- Opening Delimiter -

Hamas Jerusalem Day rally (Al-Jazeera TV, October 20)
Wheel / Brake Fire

- Closing Delimiter -
- Opening Delimiter -

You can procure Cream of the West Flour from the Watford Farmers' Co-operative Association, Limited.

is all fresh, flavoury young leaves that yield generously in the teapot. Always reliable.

- Closing Delimiter -

All that is wanted is the stretch of lines above from the one containing "Hamas Jerusalem Day" through the one containing "Wheel / Brake Fire", duplicated exactly.

- [THE ANSWER]
Hamas Jerusalem Day rally (Al-Jazeera TV, October 20)
Wheel / Brake Fire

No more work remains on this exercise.